The Reflection Evaluation for Learners' Enhanced Competencies Tool (REFLECT), a new rubric for evaluating medical students' levels of reflection and the development of those levels within RW pedagogy, is an innovative approach to assessing reflection that includes multiple fundamental domains of reflection. In this report, we describe the development of the rubric, present reliability and validity data, and discuss the rubric's application and potential use for enhancing the educational effects of reflective narratives in medical education.
Method and Results
Preliminary stage: Literature and model review
The development of the REFLECT rubric began in early 2008 with a comprehensive analysis of the literature, including theoretical models of reflection, RW pedagogy, elements of reflective practice, and existing assessment modalities in health professions education. By October 2008, we concluded literature searches in the PubMed database for relevant articles for the years 1995 to 2008 using key words such as “reflection,” “reflective practice,” reflective writing,” “reflection in medicine,” “reflection in medical education,” and “reflection in health professions education.” We then conducted ongoing subsequent literature searches until late 2010 (to inform the writing of this article) with “reflection,” “reflective writing,” and “reflection assessment” used as key words, though articles from 2008 to 2010 were not included in the literature review for the development of REFLECT.
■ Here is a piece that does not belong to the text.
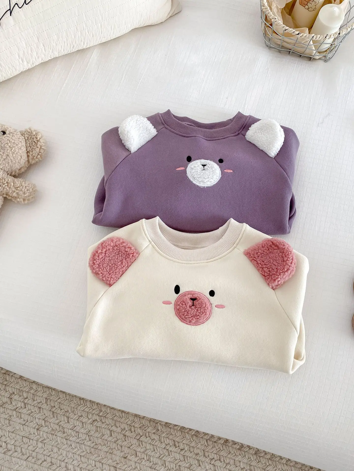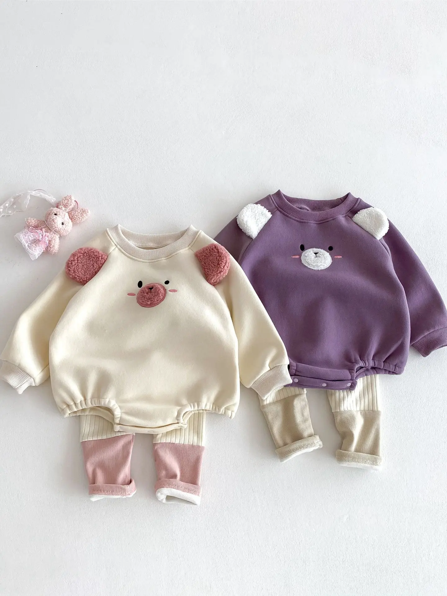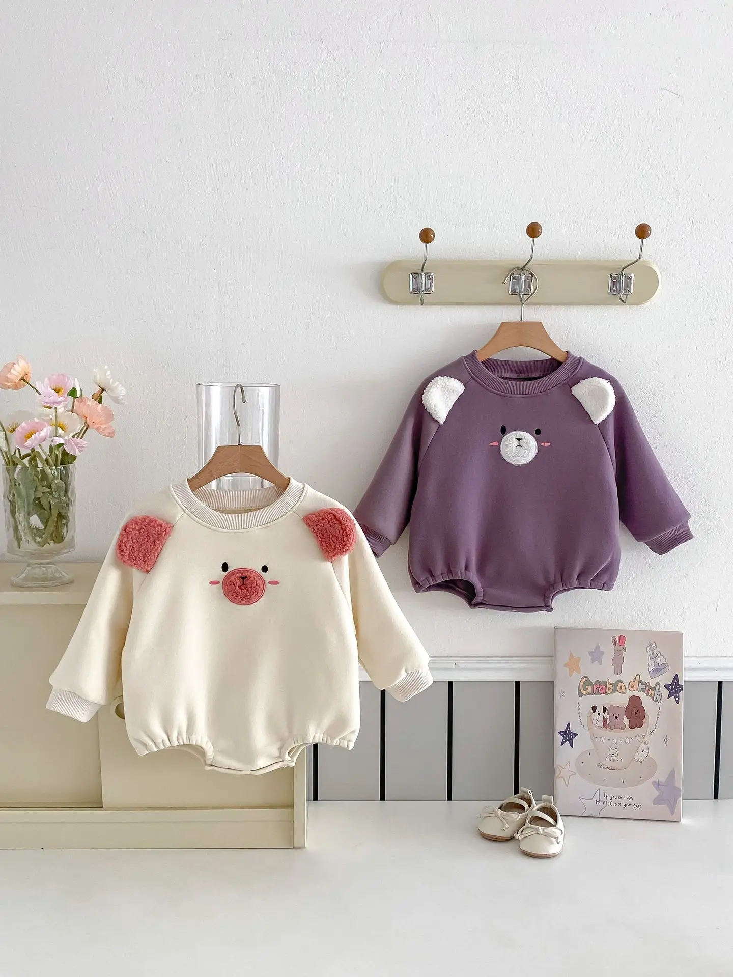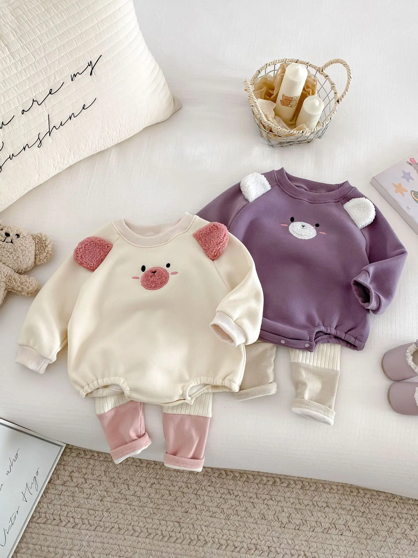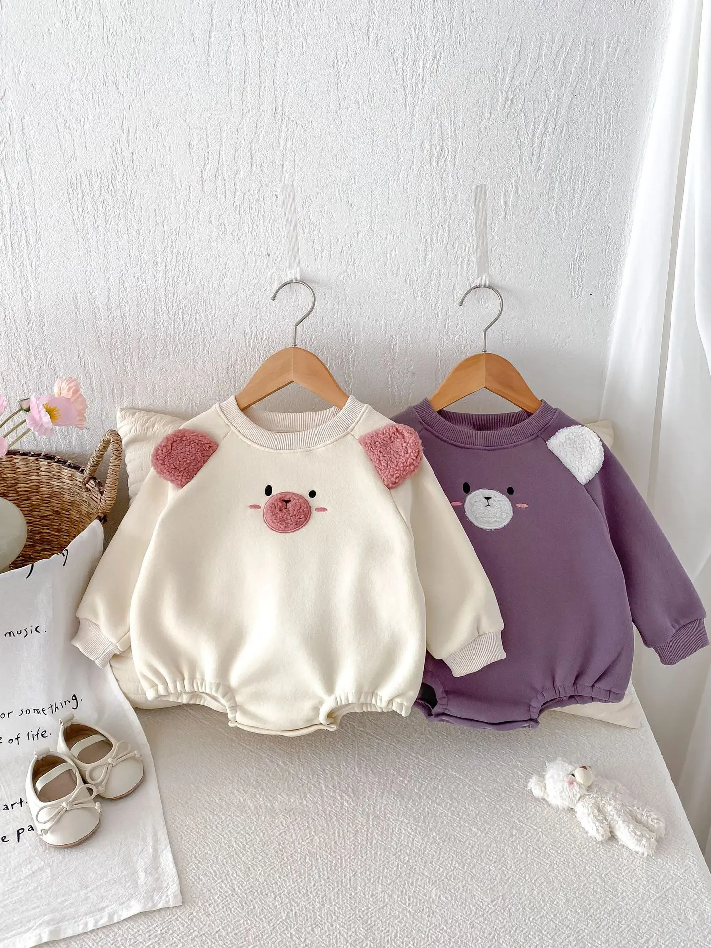#ベビー服 #キッズファッション #アニマルフェイス #耳付きボディスーツ #裏フリース #韓国子供服 #冬用ロンパース

We then used snowball technique to extend the literature search from retrieved articles to other relevant sources. The snowball technique for sampling is a method whereby existing study participants suggest, recruit, or assist in recruiting future subjects from among their acquaintances or contacts.55 In this case, it refers to careful review of the bibliographies of articles found from database searches to detect other relevant articles that may have been otherwise missed. From our review of the literature, we identified four existing modalities of reflection assessment: (1) scales (“paper and pencil” forms with responses scored by respondents), (2) thematic coding (qualitative analysis that codes themes in the narratives), (3) qualitative analysis (more elaborate qualitative analysis moving beyond themes into models), and (4) analytical instructional rubrics (theory-based delineation of dimensions or levels of an assessed construct).
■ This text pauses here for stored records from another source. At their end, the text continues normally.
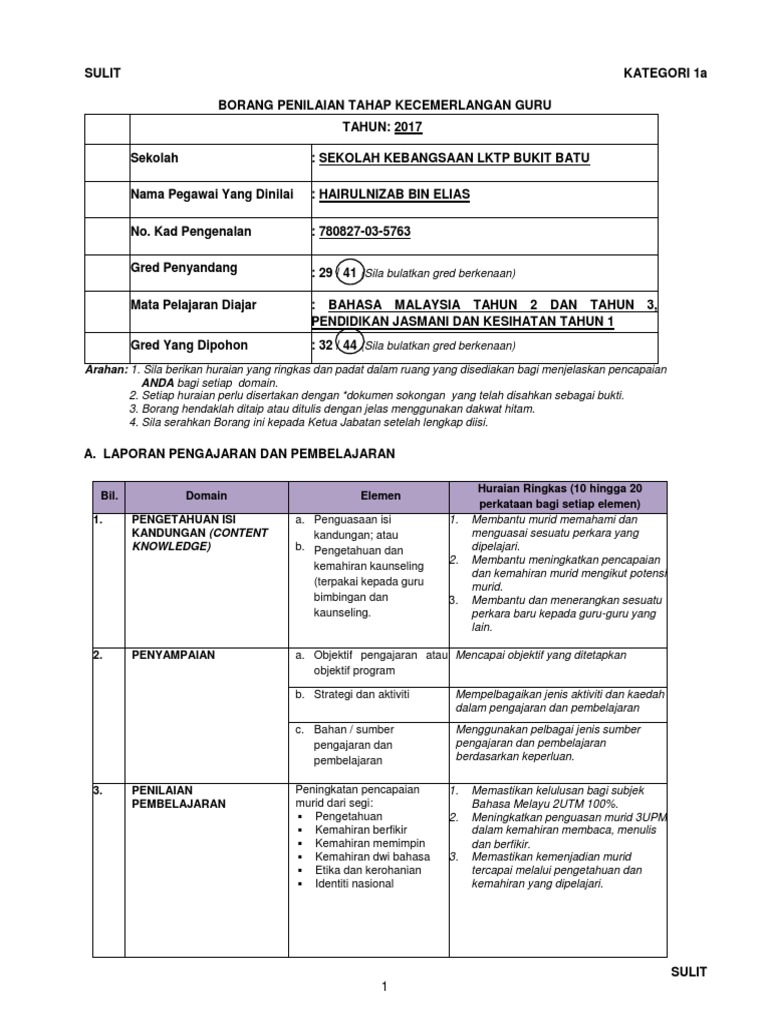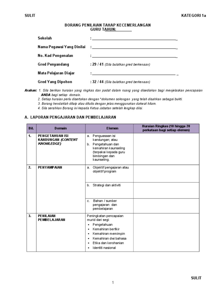 Doc Borang Penilaian Tahap Kecemerlangan Guru Borang Kategori 1b Guru Nor Asmah Awang Academia Edu
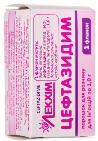 1флакон містить цефтазидиму (у вигляді цефтазидиму пентагідрату) 1,0г;
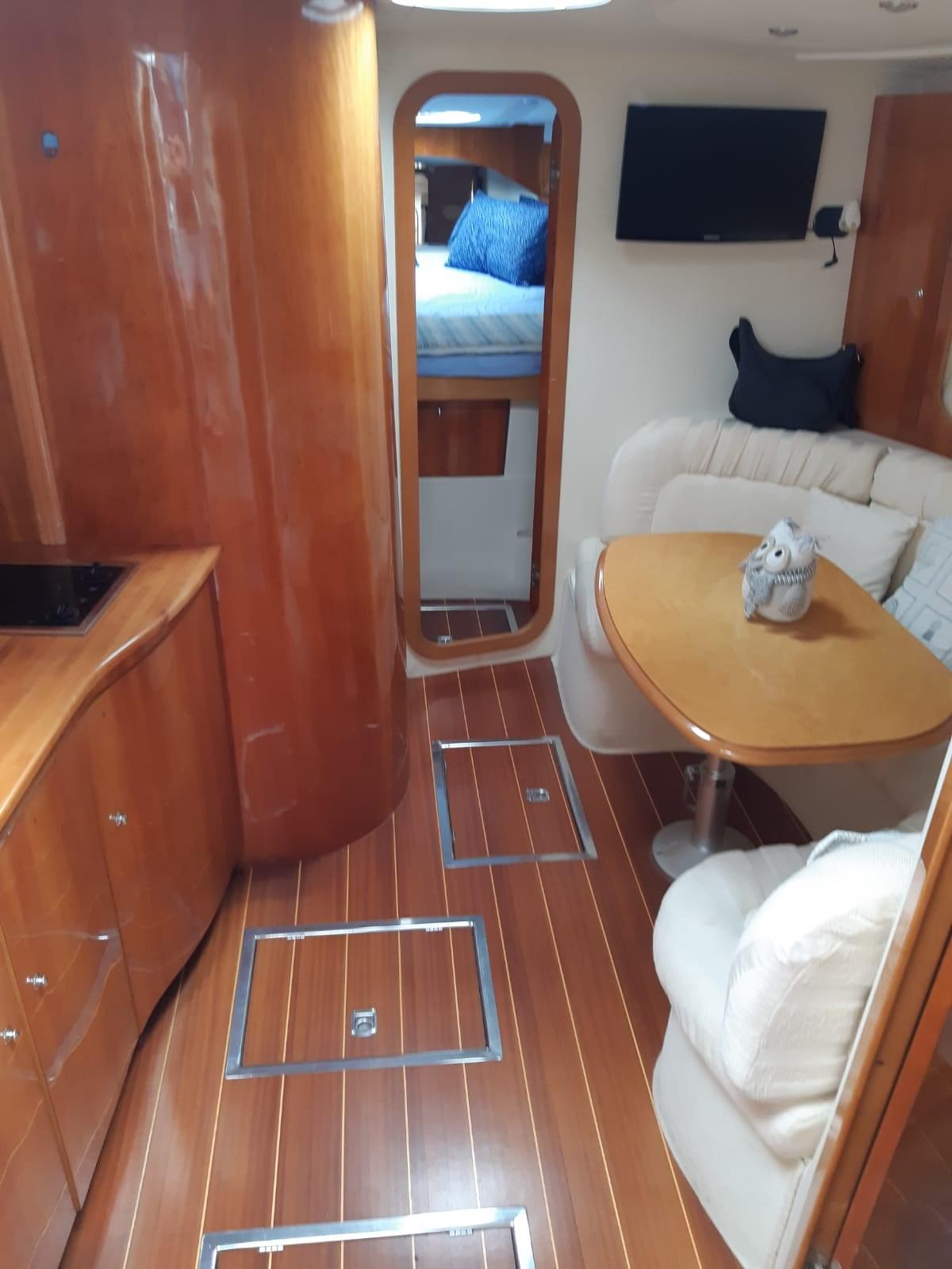 Engine Alarm, Water pressure pump, 4 Batteries, Deck Shower, Directional Spotlight, Hydraulic Flaps, Fire Extinguishing System, Flaps Indicators, Anchor Chain Washdown, Courtesy Lights, Underwater lights, Gangway (Idraulica), Platform, Manual Bilge Pump, Teak Cockpit, Shorepower connector, Voltage Rectifier, Rollbar, Electric Windlass, swimming ladder, cockpit table, Horn.

We next examined these four approaches for their utility in the assessment of medical students' RW. Our deliberations were based on both theoretical and functional premises. We used anonymized analogical datasets of medical student RW exercises—sampled anew with each iteration—from the 2009 and 2010 Doctoring course and family medicine clerkship as anchors for the deliberation. Although our literature search uncovered an existing scale for measuring “personal reflection,”54 we did not use it for our analysis given its intended purpose for students' self-reported reflective capacity rather than for assessment of the construct within RW. Thematic coding26,27 with sole emphasis on extraction of themes was also inadequate for our evaluative aims because students' reflective levels within RW could not be determined with such a method. Similarly, qualitative analysis was deemed insufficient because of its inability to provide focused differentiation of reflective levels. The fourth approach, the analytical instructional rubric,56 is specifically used for assessment. Analytical instructional rubrics seemed to be the best choice for the assessment of reflective levels because they are based on a theoretical framework and can be tailor-made for specific purposes. An instructional rubric delineates the various dimensions or levels of an assessed construct, defining benchmarks for each, and can yield quantitative scores.57,58 The rubric format—used for both formative and summative purposes—may vary, though common features include quality level gradations on a continuum of strong to weak work product, as well as a relatively complex list of criteria or “what counts” in completing a project or mastering a skill.59 Our close examination of the four existing approaches led us to select an analytical instructional rubric as the evaluative paradigm for our own tool.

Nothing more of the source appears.